North-American researchers have used machine learning to discover a new compound that controls bacterial infection, highlighting the value of artificial intelligence in antibiotic discovery.
Screening around 7500 molecules revealed that the antibacterial compound abaucin, which was originally touted as an anti-diabetes drug, could inhibit the growth of Acinetobacter baumannii in vitro.
The bacterium is often found in hospitals and can display multidrug resistance.

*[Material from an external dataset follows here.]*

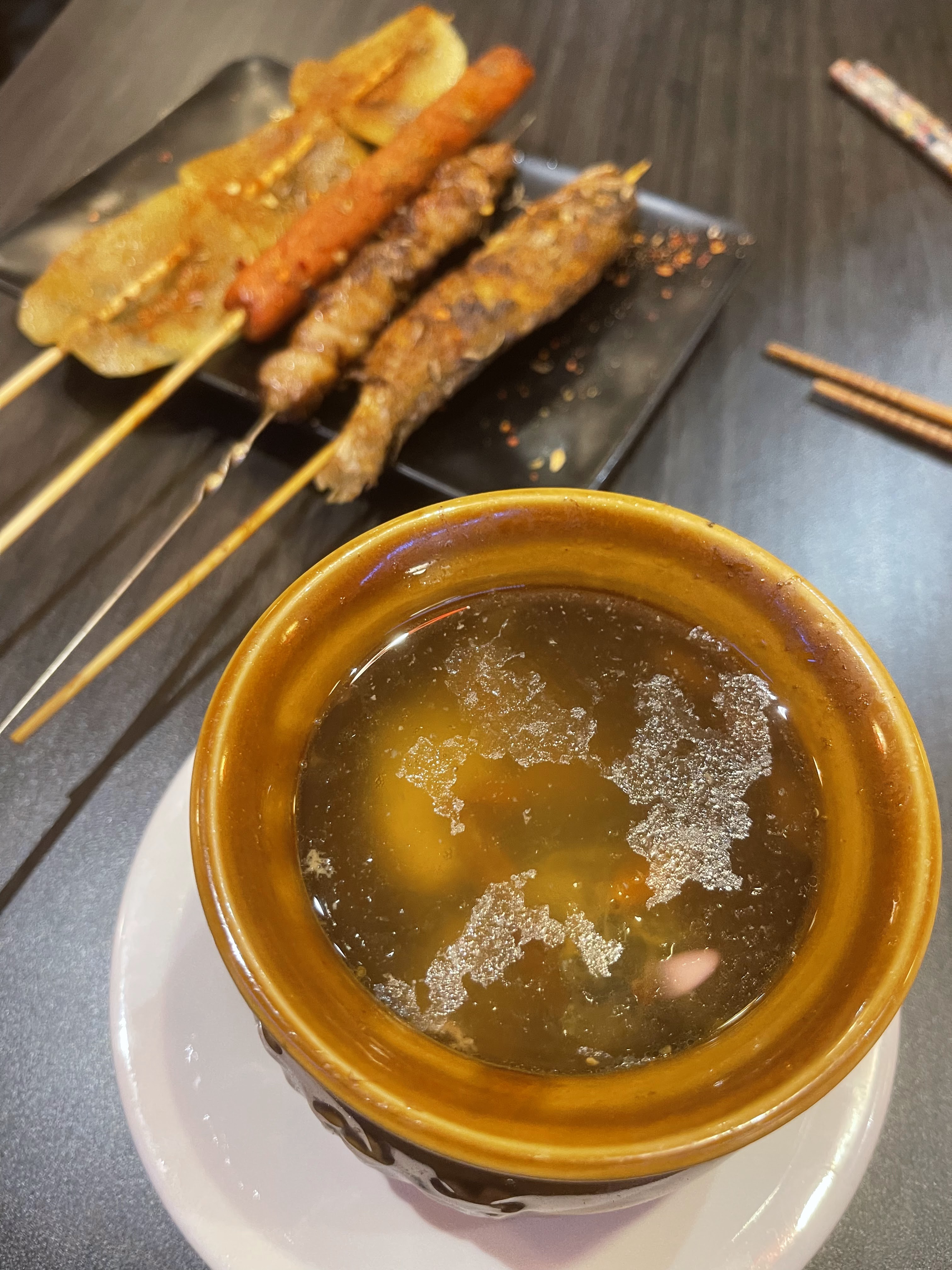 Les brochettes sont délicieuses ! Moyennement gras et fin, ni sec ni sec. Que diriez-vous d'essayer la soupe la prochaine fois.

It may lead to pneumonia and meningitis, among other serious conditions, and was a leading cause of infection among soldiers wounded in Iraq and Afghanistan.

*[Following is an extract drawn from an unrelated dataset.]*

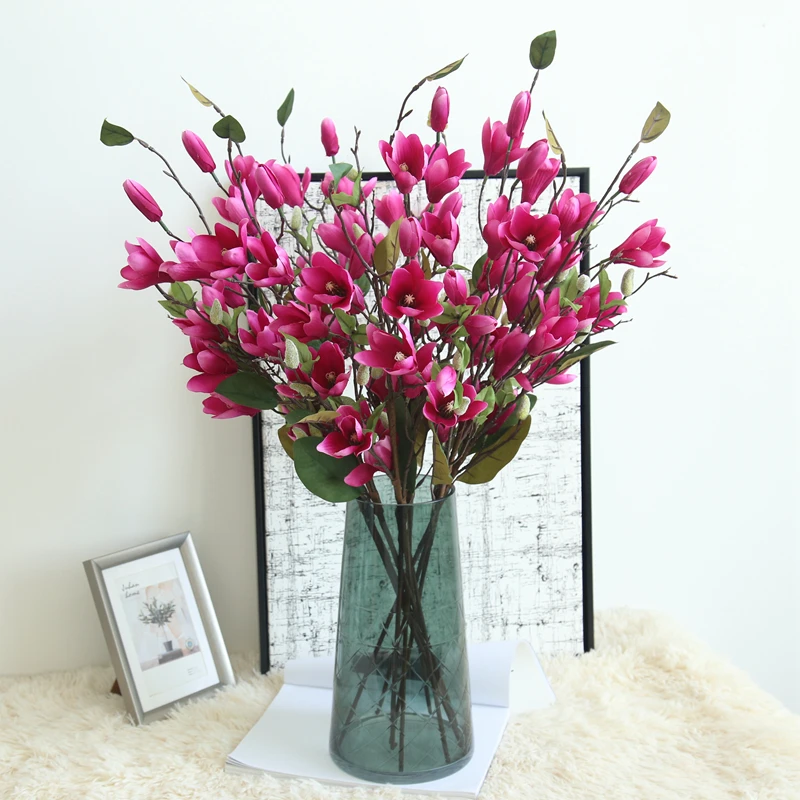 Nous vous présentons nos belles fleurs artificielles de branche de magnolia en soie de 76 cm, parfaites pour ajouter une touche de nature à votre décoration de maison ou de mariage. Ces fausses fleurs sont conçues pour ressembler à de vrais magnolias, avec une touche réaliste qui vous fera penser qu'elles ont été fraîchement cueillies dans le jardin.
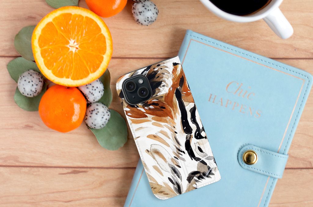 Omdat we tijgers zo bijzonder vinden, hebben we besloten deze voor zeer lage kosten voor jou op een iPhone 15 Bookcase te zetten. Dit kunnen we goedkoop doen omdat we het drukwerk in eigen beheer doen. De tijger staat geschilderd op de stand case tegen een grijs met wit geblokte achtergrond. De Watercolor Tiger kunnen we bedrukken op verschillende soorten hoesjes, zoals deze stand cases. Het hoesje met geschilderde tijger tegen grijs met witte achtergrond is van PU-leer (buitenzijde) en TPU (binnenzijde) en beschikt een houder voor bijvoorbeeld je bankpas. Verder is de stand case met geschilderde tijger voorzien van een magnetische sluiting aan de binnenzijde. Jij zorgt voor de perfecte bescherming van je smartphone met dit stand hoesje met geschilderde tijger tegen een grijs met witte achtergrond.

Further investigation revealed that abaucin affected lipoprotein trafficking through a mechanism involving LolE, a protein that contributes to the shuttling of lipoproteins from the inner to the outer membrane.
Abaucin was also able to control an A. baumannii infection in a mouse wound model, report Jonathan Stokes, PhD, an assistant professor of biochemistry and biomedical sciences at McMaster University in Canada, and co-workers.

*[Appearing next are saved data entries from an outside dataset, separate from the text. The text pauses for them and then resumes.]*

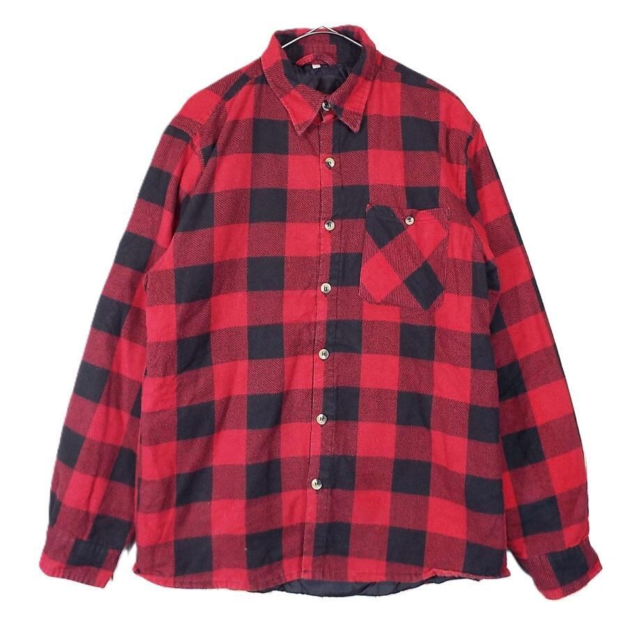 【ヨーロッパ古着】ZEEMAN 裏キルティング バッファローチェック 肉厚 長袖ネルシャツ 長袖シャツ レッド・ブラック赤黒 レディースLサイズ(メンズM)【湘南倉庫】12364336
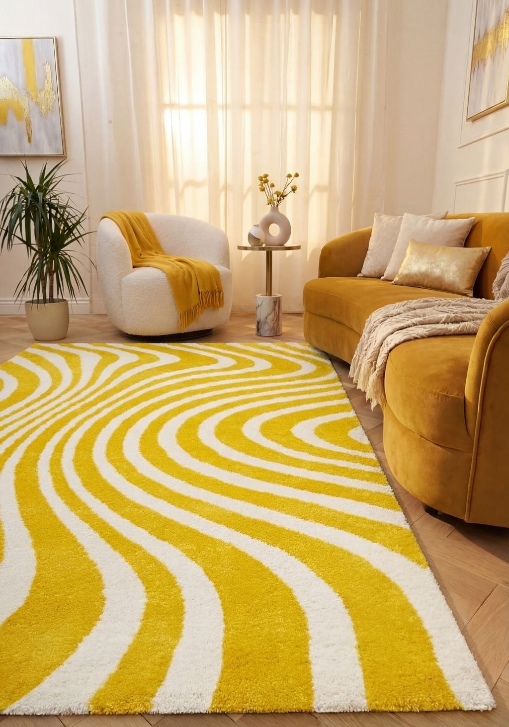 Brighten your interior with the Joli Striped Yellow & White Rug. Designed with flowing striped ripples in fresh yellow and white tones, it creates a lively visual rhythm while the plush surface brings comfort and dimension to your space.
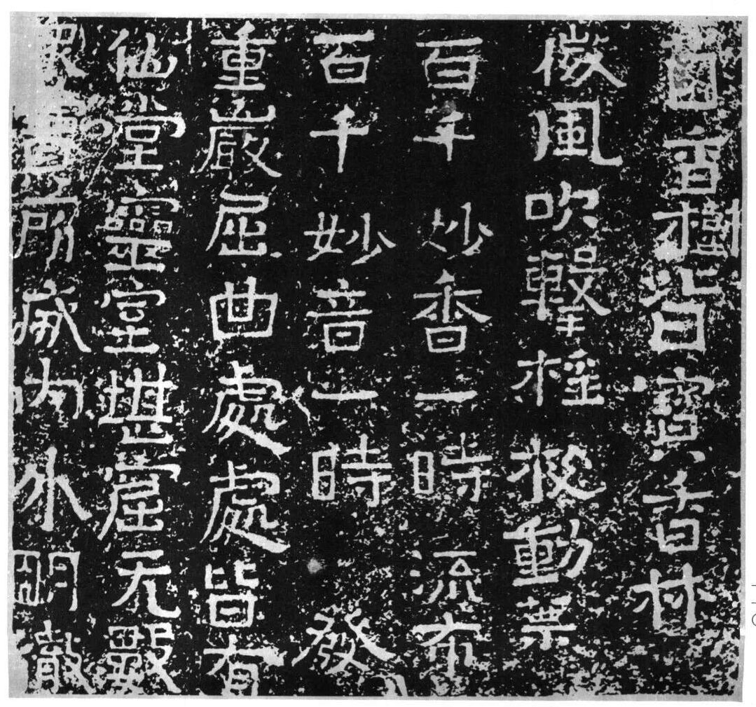 释文: 园香树皆宝香林。微风吹击摇枝动叶,百千妙香一时流布,百千妙音一时俱发。重岩屈曲处处皆有仙堂灵室龛窟。无数众宝所成,内外明澈,
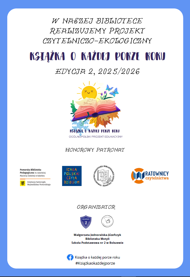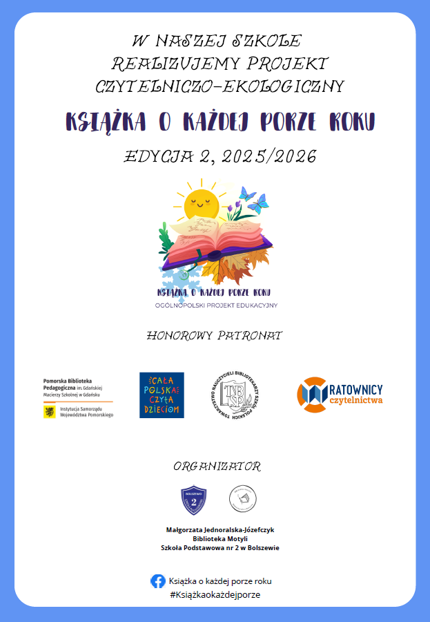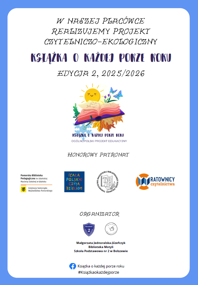 Biblioteka Szkolna w bieżącym roku szkolnym przystąpiła do ogólnopolskiego projektu edukacyjnego. "Książka o każdej porze roku". Projekt ma na celu propagowanie czytelnictwa wśród dzieci, a także przekazywanie szacunku do otaczającej nas przyrody oraz budowanie postaw ekologicznych. Uczniowie wykonali już pierwsze zadanie, związane z jesienią. Odsłuchali fragmentów książki "Po co nam lasy?", wspólnie zastanowili się nad odpowiedzią na to pytanie. Następnie pracując z atlasem drzew, określili z jakich drzew pochodzą liście. Uczniowie wykonali piękne, różnokolorowe mandale z liści nazbieranych podczas jesiennego spaceru, tworząc niepowtarzalne kompozycje.

“This study highlights the utility of machine learning in discovering new antibiotics and describes a promising lead molecule with specific activity against a challenging Gram-negative pathogen,” they state in the journal Nature Chemical Biology.
The findings build on the team’s previous work, which highlighted the value of machine learning in discovering new antibacterial molecules against E. coli.
In the current study, the investigators used a message-passing deep neural network to discover new antibiotics against A. baumannii.
To initially gain training data for their computational model, Stokes et al exposed A. baumannii to 7,684 different compounds in a lab dish, which included both off-patent drugs and synthetic chemicals.
This revealed 480 molecules defined as ‘active’ in terms of their action on bacterial growth and 7,204 designated as “inactive.”
The dataset was then used to train a binary classifier to predict whether structurally new molecules could display activity against the bacterium.
After training, the model was used to analyze 6,680 compounds it had not come across before, which came from the Drug Repurposing Hub at the Broad Institute.
This analysis took less than two hours and produced a few hundred hits of which 240 were tested experimentally in the lab, with a focus on compounds that were different from those of existing antibiotics or molecules in the training data.
This unveiled nine antibiotics, including one that they named abaucin, which was very potent at killing A. baumannii but did not affect other bacterial species such as Pseudomonas aeruginosa, Staphylococcus aureus, and carbapenem-resistant Enterobacteriaceae.
The narrow-spectrum action is particularly beneficial because it minimizes the chances of the bacteria spreading resistance to the antibiotic and also would not disrupt the balance of beneficial bacteria during treatment, the researchers note.
Further investigations revealed that abaucin could treat mouse wound infections caused by A. baumannii and worked against a variety of drug-resistant A. baumannii strains isolated from human patients.
The researchers remain unsure why abaucin was so selective A. baumannii when all Gram-negative bacteria express the LolE enzyme.
“We haven’t finalized the experimental data acquisition yet, but we think it’s because A. baumannii does lipoprotein trafficking a little bit differently than other Gram-negative species,” said Stokes.
“We believe that’s why we’re getting this narrow spectrum activity.”